Leontief educated some of recent history’s most prominent economists. He personally advised four doctoral students who themselves won the Nobel Prize, including Paul Samuelson, Robert Solow, Vernon L. Smith, and Thomas Schelling.
39Kenneth Arrow (1921-Present)
Kenneth Arrow earned his PhD from Columbia before moving on to teach at Harvard and then Stanford. His academic career has in large part involved unpacking the ideas embedded in his dissertation. In this work he proves the impossibility theorem, which shows the limitations underlying predicting people’s preferences between options. His groundbreaking work in these fields as well as broader topics in general equilibrium theory and welfare theory led to him acquiring the Noble Prize in 1972.
Arrow was also the first economist to map how learning curves affect entrepreneurial efficiency. It seems intuitive to say that producers will learn more about how to produce their product as they do so, and will, with the passing of time, do so with ever greater efficiency.Nevertheless, Arrow was the first to prove this phenomenon. His successes have made him a leading figure in post-World War II neo-classical economics. In addition to his contributions to more typical areas of economic study, he also studied developing areas of the field such as endogenous growth theory and the economics of information. He is a member of the American Academy of Arts and Sciences and won the 2004 National Medal of Science. Arrow was given an honorary doctorate from Uppsala University in Sweden, and is also one of the few foreign members of the Royal Society.
40Gary Becker (1930-2014)
Some may roll their eyes at those who acknowledge that something works in practice, but still ponder how to make it work in theory. Yet, the dominion of knowledge often broadens the boundaries of knowledge into the unexpected by first securing the cornerstones of common sense. Gary Becker was both an economist and sociologist at the University of Chicago who systematically explained much intuitive phenomenon in an academically rigorous way.
Becker incorporated his knowledge of the social sciences into his understanding of economics in numerous ways. He expanded our conception of what kinds of behaviors count as rational and/or utility maximizing.
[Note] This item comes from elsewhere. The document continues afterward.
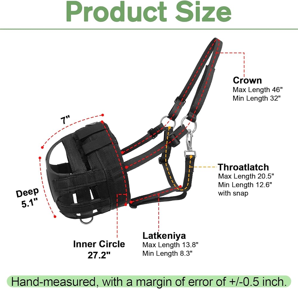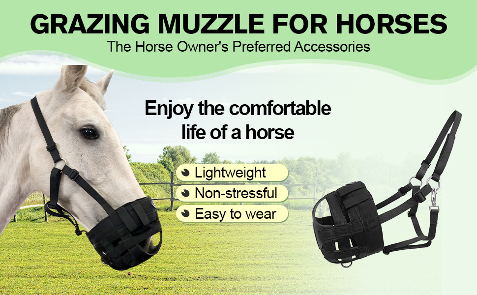 مادة ممتازة - كمامة رعي الخيل مصنوعة من النايلون عالي الجودة لمتانة طويلة. تم دمج فتحات التهوية المتعددة في سطح المنتج لتعزيز التهوية.

For instance, he challenged the long held Marxist belief that an individual benefits himself via discrimination, he emphasized the central role self-interest plays in economic decision making, and he recast education as a type of investment. He also studied human capital, altruistic behavior, and the rotten kid theorem. He received the Nobel Prize in 1992, the Presidential Medal of Freedom in 2007, and the John Bates Clark Award of the American Economic Association in 1967. He served as president of the same association in 1987. He also helped found an entrepreneurial and charitable consulting company called the TGG Group.
41Mark Skousen (1947-Present)
Mark Skousen was one of those guys that must have made a lot of his classmates extremely jealous. When he graduated from Brigham Young University in 1972 with a master’s in economics, he already had a fully paid new car, a fiancée, and a job working for the CIA as an economist. He stayed with the CIA for three years before leaving to edit the Inflation Survival Letterand earn a PhD in economics from George Washington University. In 2001, he became president of the Foundation for Economic Education (FEE), the oldest capitalist think tank in America. Skousen developed a yearly conference dedicated to liberty called Freedom Fest. This is the largest annual collection of libertarian-minded thinkers in the world. Grantham University renamed its business school, “The Mark Skousen School of Business” in recognition of his many successes. He was recently named one of the 20 most influential living economists by Super Scholar, and appointed the Presidential Fellow at Chapman University from 2013-2016. He has written 19 books on various academic and economic topics. As his fears concerning inflation and his love of free market capitalism suggest, Skousen is a staunch defender of the Austrian School.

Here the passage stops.